Extracted material: Begin

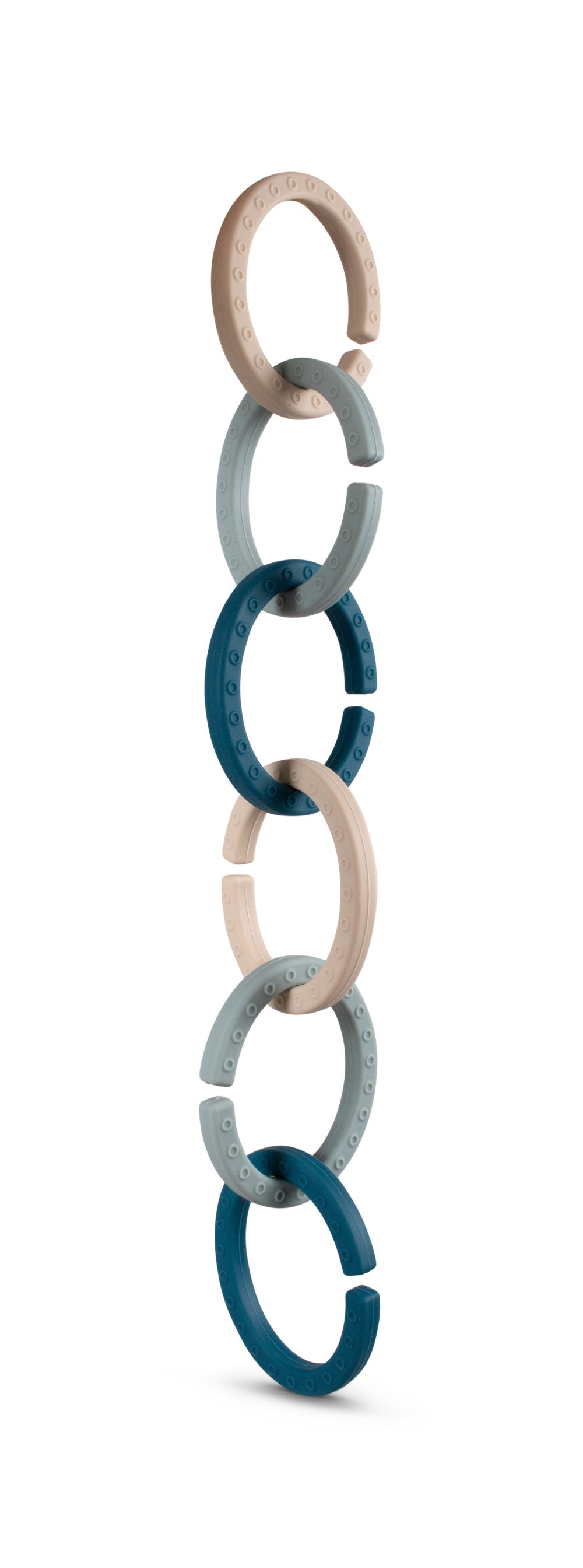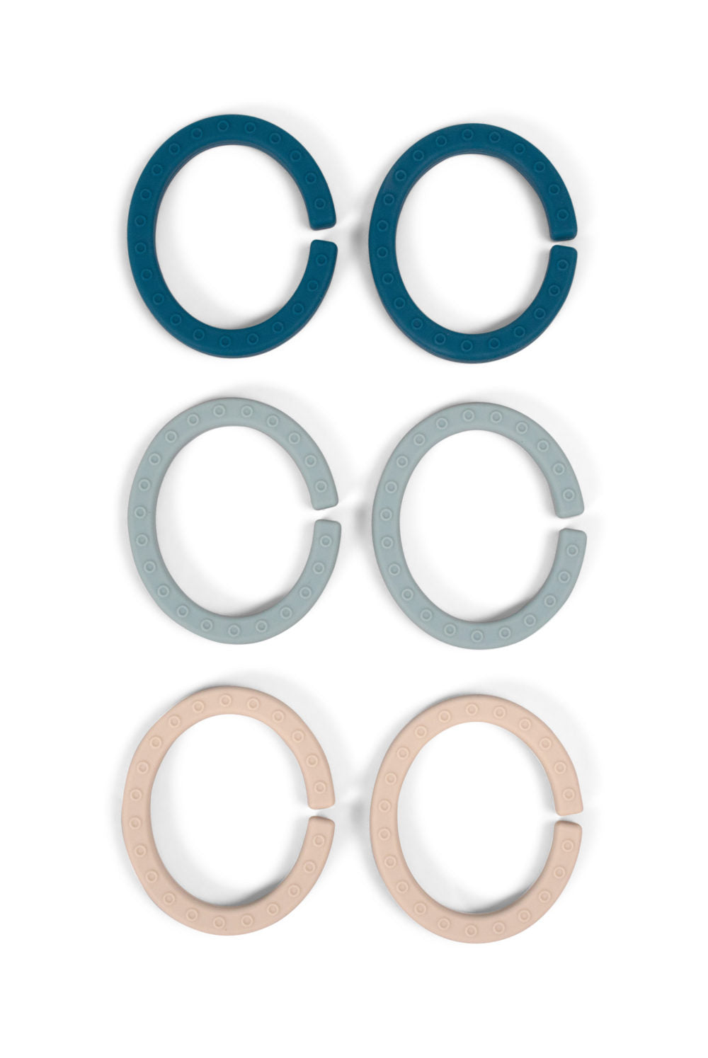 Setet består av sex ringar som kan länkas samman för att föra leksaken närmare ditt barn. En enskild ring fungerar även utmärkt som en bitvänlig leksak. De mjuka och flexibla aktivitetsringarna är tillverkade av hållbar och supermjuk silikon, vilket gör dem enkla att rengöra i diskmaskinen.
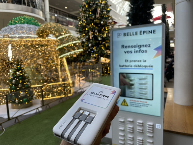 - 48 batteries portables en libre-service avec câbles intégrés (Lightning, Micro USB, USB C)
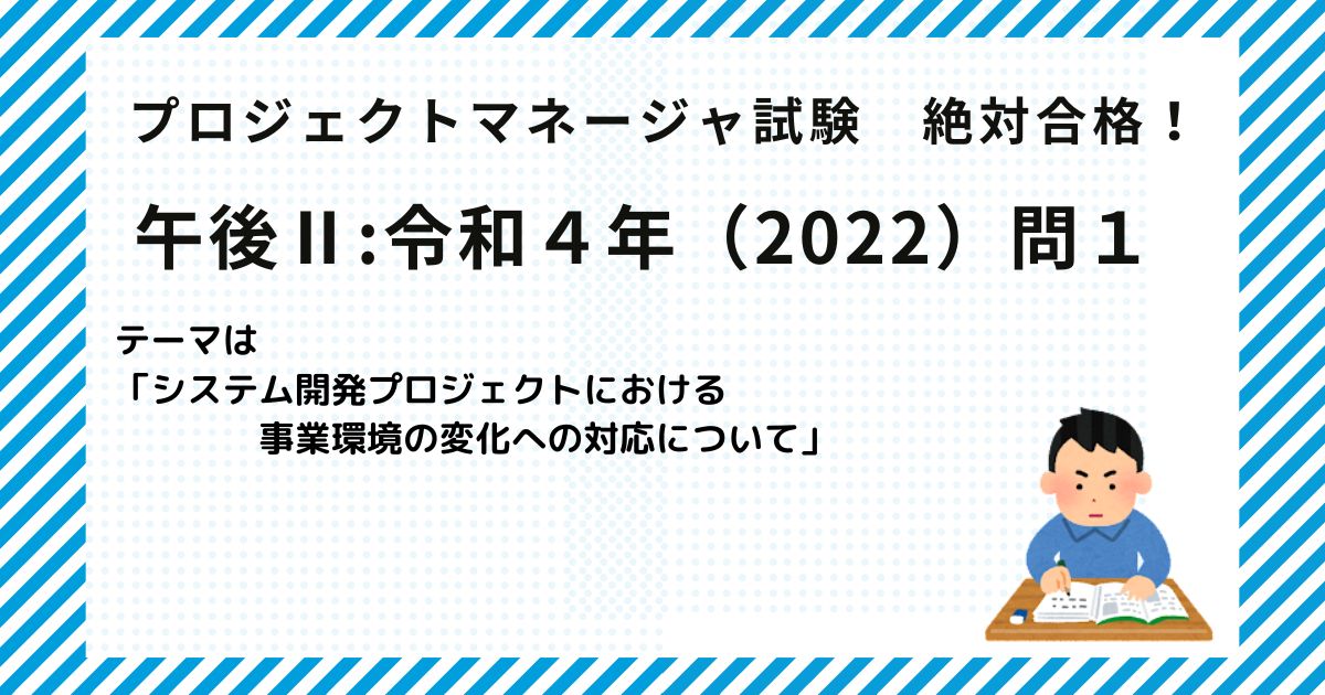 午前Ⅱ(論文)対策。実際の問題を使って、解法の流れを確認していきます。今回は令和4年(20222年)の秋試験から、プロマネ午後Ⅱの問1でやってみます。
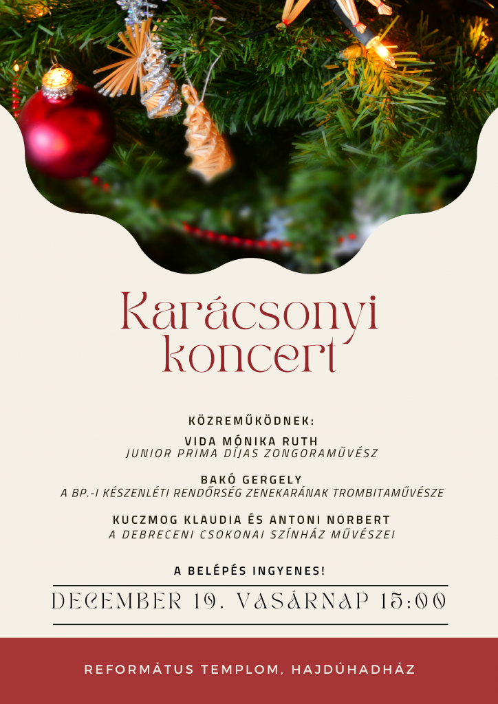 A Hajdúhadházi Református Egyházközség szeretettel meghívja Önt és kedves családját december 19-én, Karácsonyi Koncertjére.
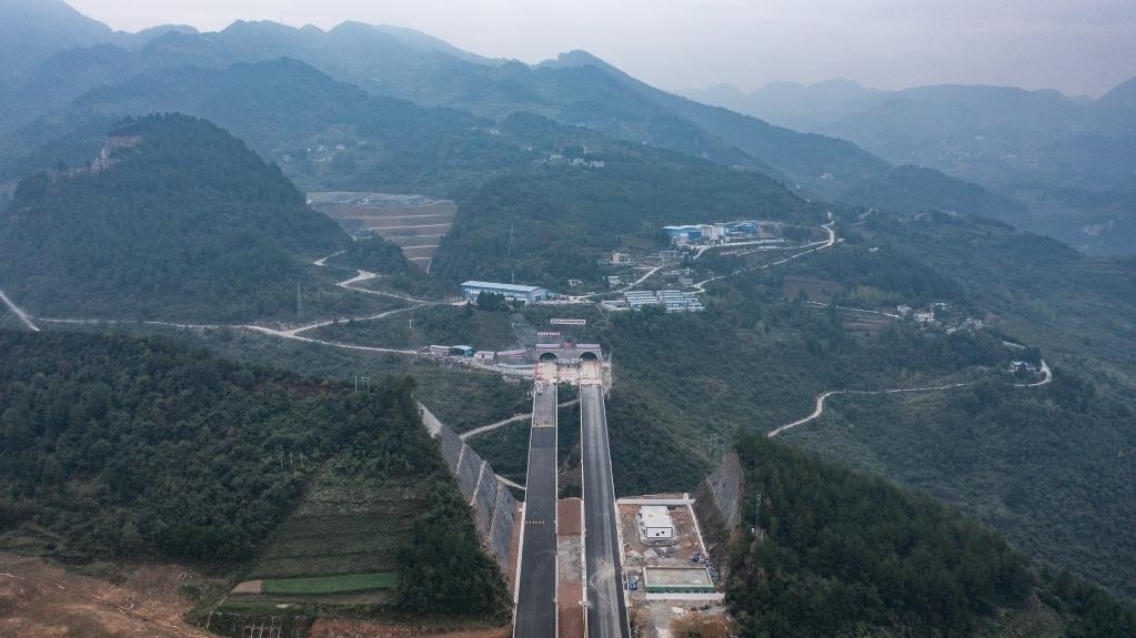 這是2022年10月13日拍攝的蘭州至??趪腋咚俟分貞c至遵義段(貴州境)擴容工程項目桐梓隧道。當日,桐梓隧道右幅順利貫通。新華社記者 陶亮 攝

Extracted material: End
Extracted material: Begin

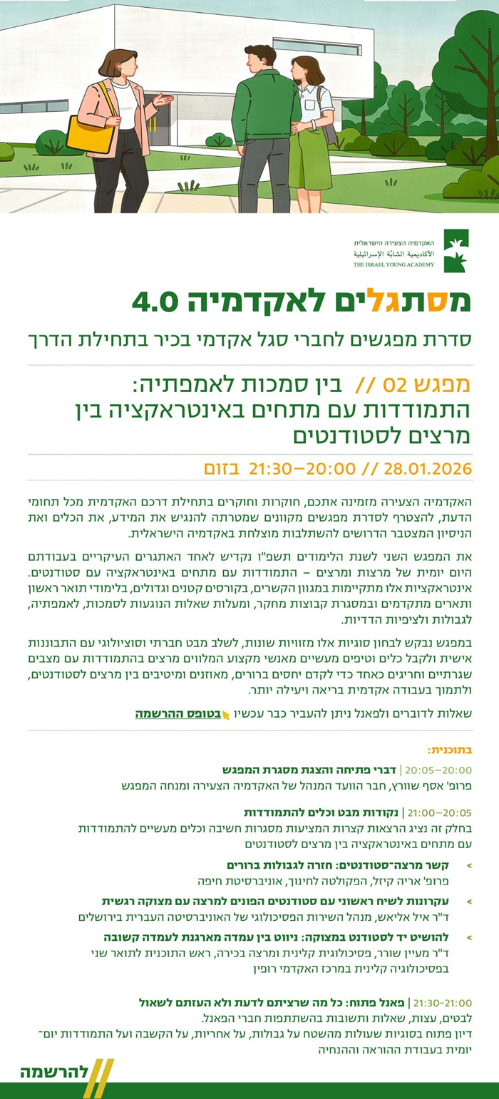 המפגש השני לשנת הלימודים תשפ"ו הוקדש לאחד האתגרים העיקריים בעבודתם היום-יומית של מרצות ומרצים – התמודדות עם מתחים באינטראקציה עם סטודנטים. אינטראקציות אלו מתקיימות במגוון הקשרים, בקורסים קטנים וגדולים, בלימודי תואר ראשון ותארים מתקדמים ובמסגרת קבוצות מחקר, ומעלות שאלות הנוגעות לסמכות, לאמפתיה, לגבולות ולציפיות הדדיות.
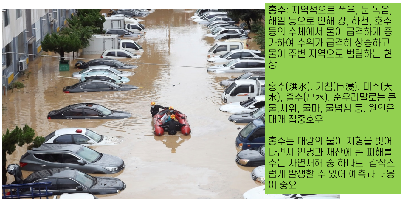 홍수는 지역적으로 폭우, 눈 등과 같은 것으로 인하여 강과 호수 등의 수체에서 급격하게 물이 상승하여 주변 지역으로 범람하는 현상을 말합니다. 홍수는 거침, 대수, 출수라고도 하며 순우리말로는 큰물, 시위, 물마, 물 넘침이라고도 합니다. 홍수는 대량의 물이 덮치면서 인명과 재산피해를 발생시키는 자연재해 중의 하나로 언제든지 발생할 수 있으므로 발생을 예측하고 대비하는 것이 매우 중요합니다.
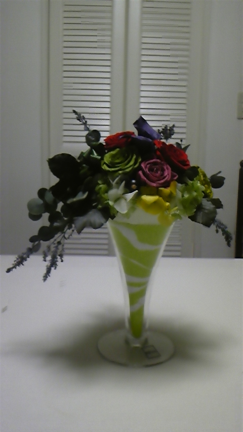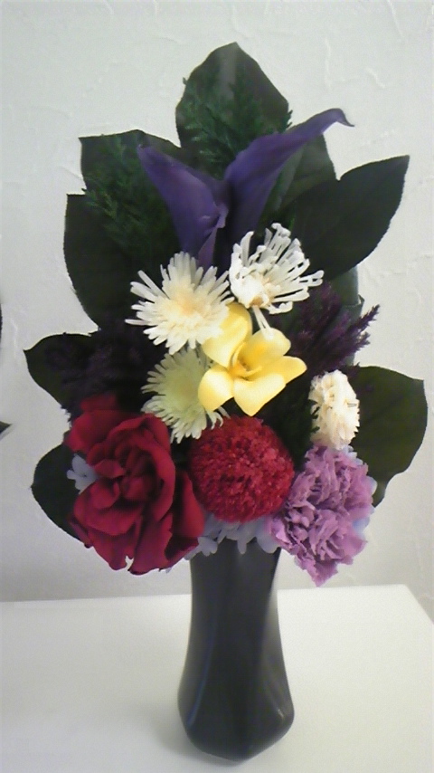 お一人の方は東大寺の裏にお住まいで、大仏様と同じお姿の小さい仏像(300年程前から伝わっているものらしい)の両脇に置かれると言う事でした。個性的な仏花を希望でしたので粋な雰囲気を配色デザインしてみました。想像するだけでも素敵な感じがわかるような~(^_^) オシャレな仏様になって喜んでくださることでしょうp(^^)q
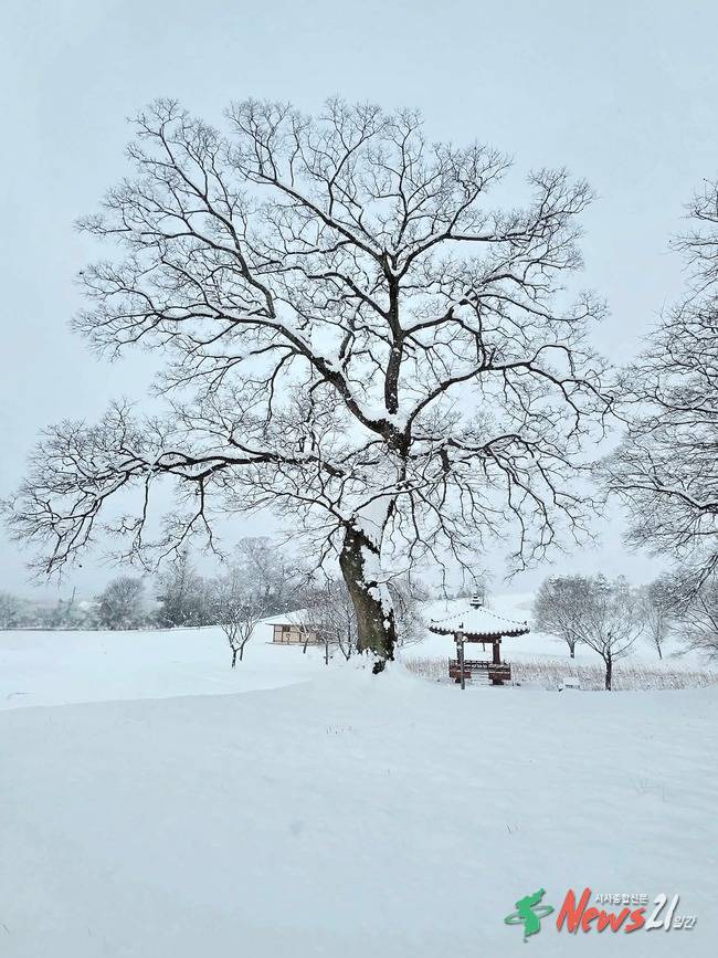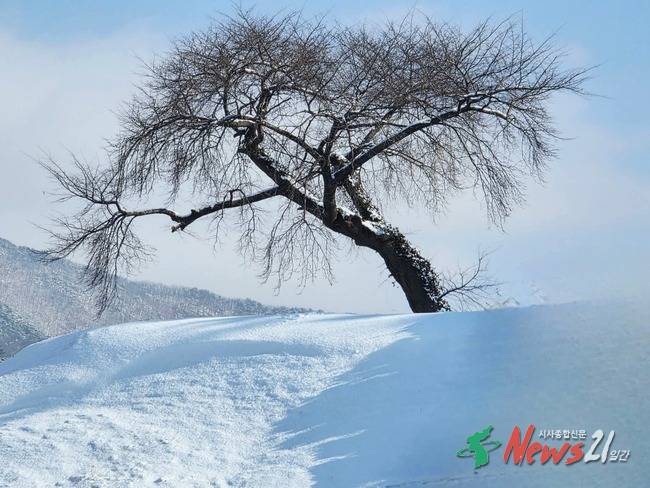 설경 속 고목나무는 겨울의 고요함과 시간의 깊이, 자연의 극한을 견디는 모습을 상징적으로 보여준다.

Extracted material: End
Extracted material: Begin

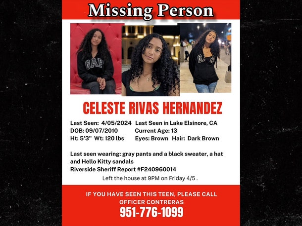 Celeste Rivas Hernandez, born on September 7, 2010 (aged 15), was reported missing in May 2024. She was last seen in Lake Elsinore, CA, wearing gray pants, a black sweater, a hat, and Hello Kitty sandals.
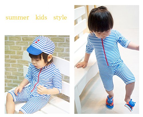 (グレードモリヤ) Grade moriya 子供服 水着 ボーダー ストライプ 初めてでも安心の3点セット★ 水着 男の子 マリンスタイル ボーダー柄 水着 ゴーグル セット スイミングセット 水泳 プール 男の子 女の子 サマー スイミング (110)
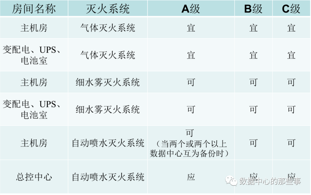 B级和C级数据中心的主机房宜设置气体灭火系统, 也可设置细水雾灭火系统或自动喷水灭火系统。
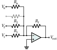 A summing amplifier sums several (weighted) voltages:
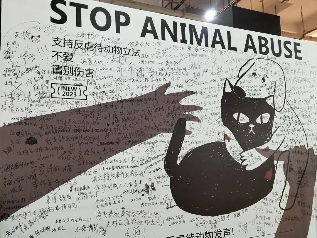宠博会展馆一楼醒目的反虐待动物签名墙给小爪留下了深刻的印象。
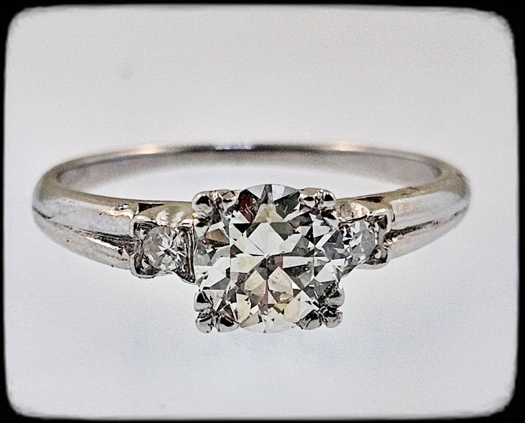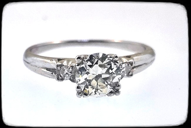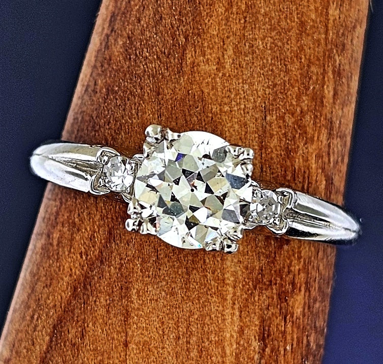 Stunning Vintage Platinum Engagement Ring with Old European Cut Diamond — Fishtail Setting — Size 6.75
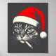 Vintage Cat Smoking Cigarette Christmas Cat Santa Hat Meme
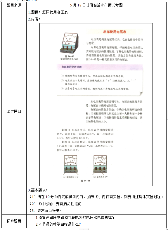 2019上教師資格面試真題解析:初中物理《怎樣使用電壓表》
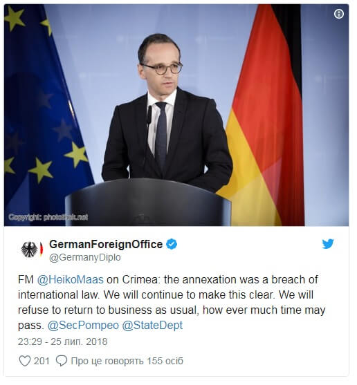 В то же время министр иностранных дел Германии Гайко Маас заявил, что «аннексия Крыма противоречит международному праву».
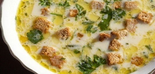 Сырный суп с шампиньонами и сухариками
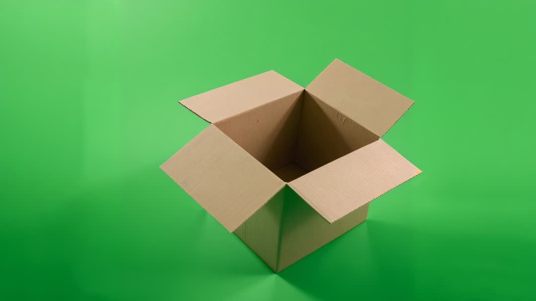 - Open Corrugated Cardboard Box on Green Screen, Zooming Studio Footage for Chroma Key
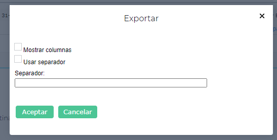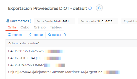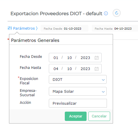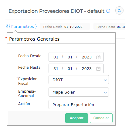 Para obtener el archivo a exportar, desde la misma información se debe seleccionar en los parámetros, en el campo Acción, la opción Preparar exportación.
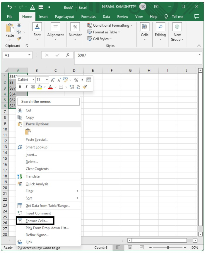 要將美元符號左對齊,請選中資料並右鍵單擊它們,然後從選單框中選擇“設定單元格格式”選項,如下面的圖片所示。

Extracted material: End

## Required work:
The line holding "Celeste Rivas Hernandez, born" starts the copy and the line holding "A summing amplifier" ends it. Repeat those two lines above and all between them exactly, leaving out pictures.

## Task response:
 Celeste Rivas Hernandez, born on September 7, 2010 (aged 15), was reported missing in May 2024. She was last seen in Lake Elsinore, CA, wearing gray pants, a black sweater, a hat, and Hello Kitty sandals.
 (グレードモリヤ) Grade moriya 子供服 水着 ボーダー ストライプ 初めてでも安心の3点セット★ 水着 男の子 マリンスタイル ボーダー柄 水着 ゴーグル セット スイミングセット 水泳 プール 男の子 女の子 サマー スイミング (110)
 B级和C级数据中心的主机房宜设置气体灭火系统, 也可设置细水雾灭火系统或自动喷水灭火系统。
 A summing amplifier sums several (weighted) voltages:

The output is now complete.